Duplicate patient checker

cfapress wrote on Wednesday, June 24, 2009:

I’ve been working on a tool to locate duplicate patients and allow you to merge them together. Earlier today I committed the code to CVS for anyone to check out. It’s not finished, it will not commit any changes to the database right now.

You can find it here:
<oemr>/contrib/util/dupecheck

I expect to be finished with it soon. If you have any suggestions for improvements, let me know and I’ll see about including them.

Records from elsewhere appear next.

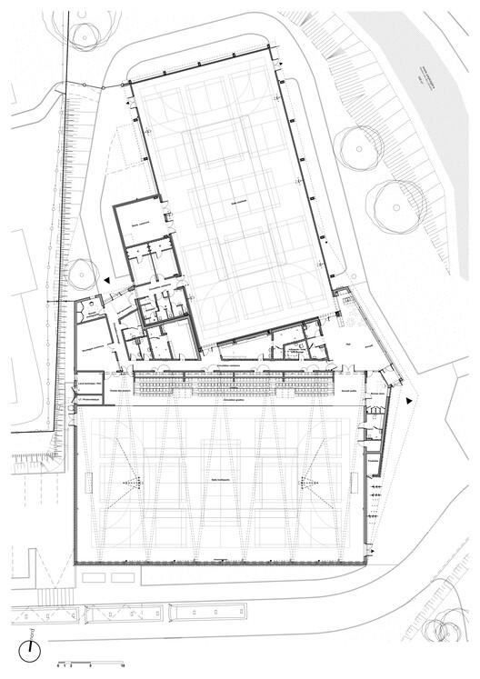 结构逻辑与组织效率的统一:设计巧妙地利用了现有建筑的结构骨架,并通过压缩两个房间之间的空间,有效地组织了流线和功能布局。这一改造过程中,原有的实施约束被转化为组织项目的有力支撑。看台后的循环动线构成了两个场馆的“骨干连接”,将入口大厅与现有入口流畅地串联起来。这种在限制中寻求高效布局的策略,体现了严谨的建筑逻辑,确保了改造后的复杂体量在功能上实现了清晰、简单且高效的运作。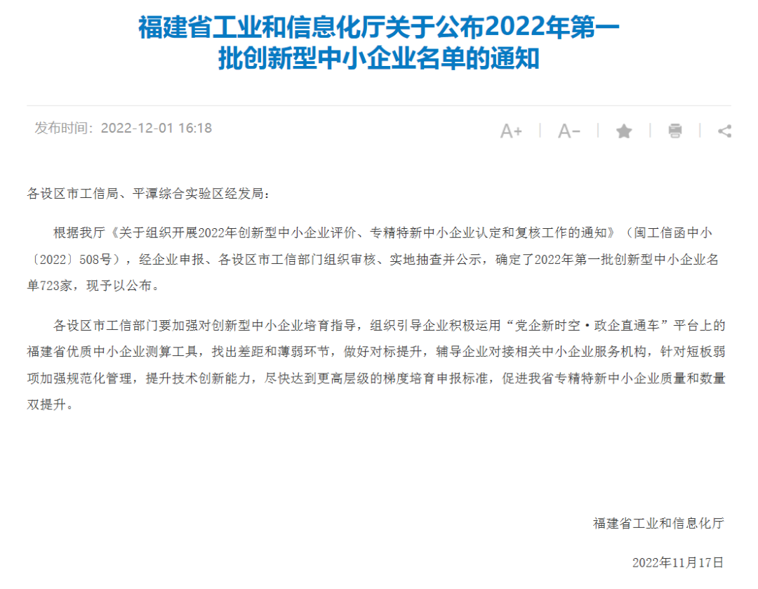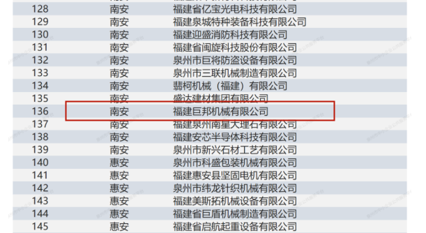 巨邦機(jī)械上榜福建省2022年第一批創(chuàng)新型中小企業(yè)名單 |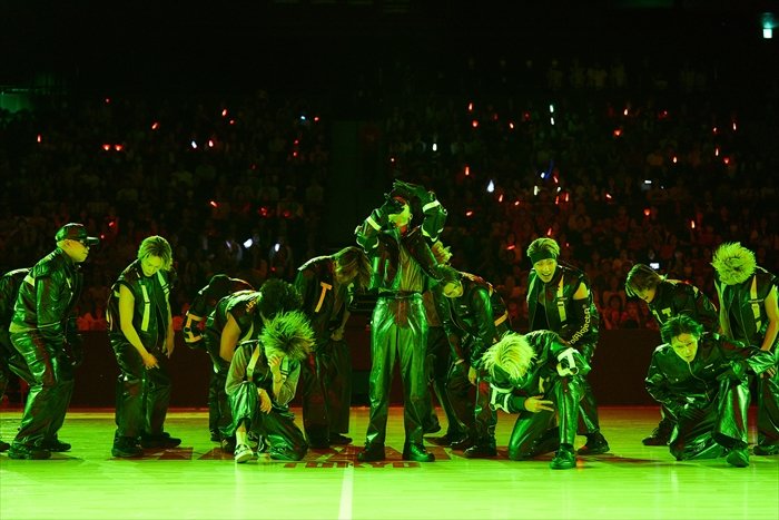 続いて登場したのは、THE RAMPAGE。スピード感溢れるエネルギッシュなダンスナンバー「16BOOSTERZ」でスタートとなった。ダンスブレイクや、横一列のシンクロダンスは圧巻。16人という大人数を活かし、コートを端から端まで最大限に使用していたのが印象的だった。続く「100degrees」のイントロが流れると歓声があがり、川村壱馬の「盛り上がっていこうぜ!」で会場はヒートアップ。途中のダンスブレイクでは、パフォーマー一人ひとりがソロダンスを披露し、それぞれの持ち味を見せつけていく。ラストには会場全体で両手を大きく上下に動かし、楽曲タイトルのどおり会場は熱気に包まれた。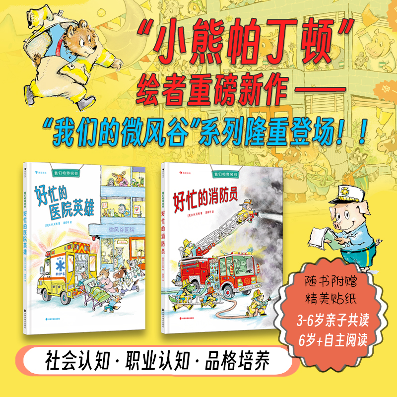 儿童绘本故事图画书 微风谷 医院英雄 消防员 好忙 我们 全2册 少儿漫画书 小熊帕丁顿绘者重磅新作 央视网赠贴纸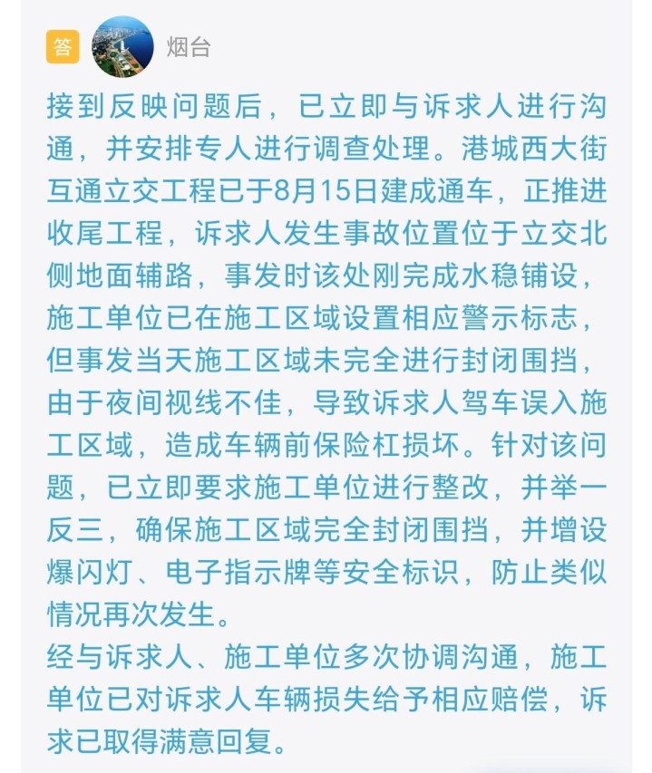 收到留言后,烟台市进行了办理并回复:诉求人发生事故位置位于立交北侧地面辅路。事发时该处刚完成水稳铺设,施工单位已在施工区域设置相应警示标志,但事发当天施工区域未完全进行封闭围挡。由于夜间视线不佳,导致诉求人驾车误入施工区域,造成车辆前保险杠损坏。针对该问题,已立即要求施工单位进行整改,并举一反三,确保施工区域完全封闭围挡,并增设爆闪灯、电子指示牌等安全标识,防止类似情况再次发生。经与诉求人、施工单位多次协调沟通,施工单位已对诉求人车辆损失给予相应赔偿,诉求已取得满意回复。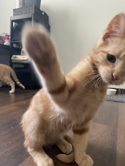 Il a aussi changé de famille d’accueil pour vivre avec d’autres chats, ce qu’il adore ça !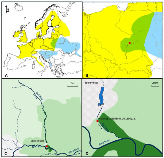 Occurrence of the Ukrainian brook lamprey (blue) and European brook lamprey (yellow) and areas of their overlapping habitat (green) in Europe (A) and Poland (B). The study area, the River Gać with a WWTP (wastewater treatment plant) (red dot) (C,D).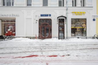 - отреставрированная входная группа дома: огромные двери из массива дерева с большими стеклянными вставками дают понять, что это не просто дом в центре Москвы, а дом с богатой историей!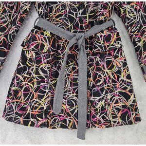Gently used, couple small snags on collar, some spots of lightly loose fabric (might just be part of the pattern), in good condition.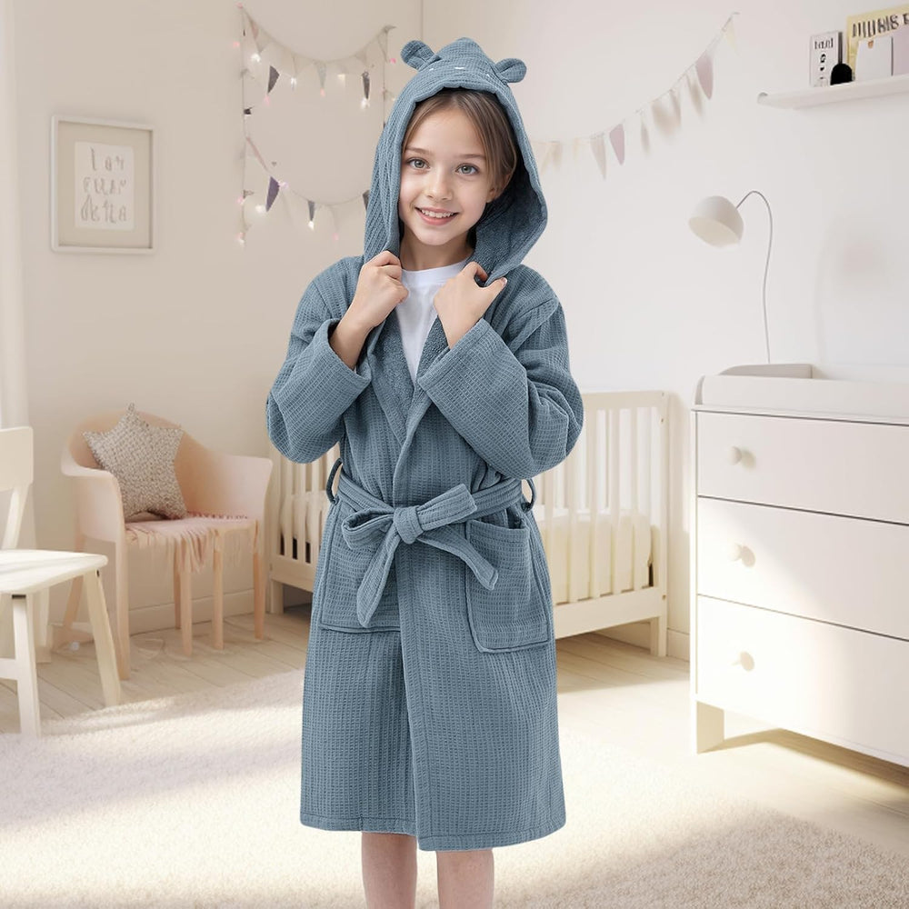 WYTbaby Bademantel Kinder 100% Baumwolle Weich Flauschiges Frottee Kinder Morgenmantel Mit Kapuze fü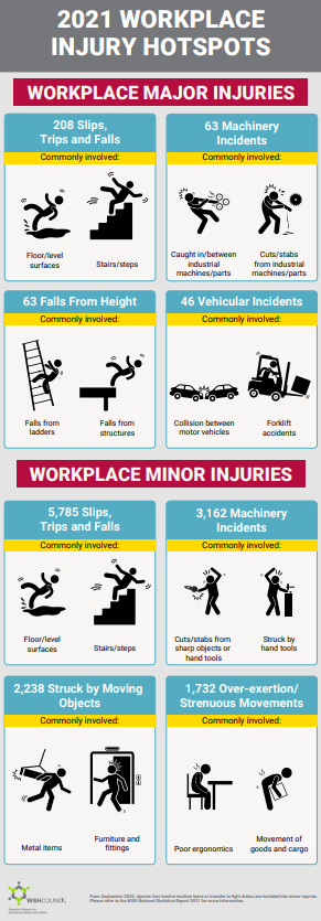 2021 Workplace Injury Hotspots WSH Infographics poster

Basically, here is how it works:
- Choose the fields in which to search for duplication.
It defaults to name and date of birth
- Choose how you’d like the search to be sorted
- Limit your search to the first XXX records of the patient_data table. I included this because our database includes over 19,000 patients
- Click on Go and the list of duplicates will appear in the box below

Once you see the duplicates you can click on the ‘?’ button to drill into the patient’s details. Or you can click on the patient name to be the ‘master’ record. The non-master records will be merged into the master. All tables that reference the PID will be changed to the master record.

I’m not describing it very well but I hope you get the idea. Basically you choose the patient record to keep and the other duplicates are merged into it.

Jason

cfapress wrote on Wednesday, June 24, 2009:

The dupe-checker is now fully functional. It should be used with extreme care.

Jason

cfapress wrote on Wednesday, June 24, 2009:

Check-that.

I just screwed myself by removing a necessary file. Shit. I’m going to see what can be done to retrieve anything from CVS. The file I meant to delete was dupecheck.php but instead I removed mergerecords.php.

BAH!

Jason

cfapress wrote on Wednesday, June 24, 2009:

OK, the panic is over thanks to CVS on SourceForge.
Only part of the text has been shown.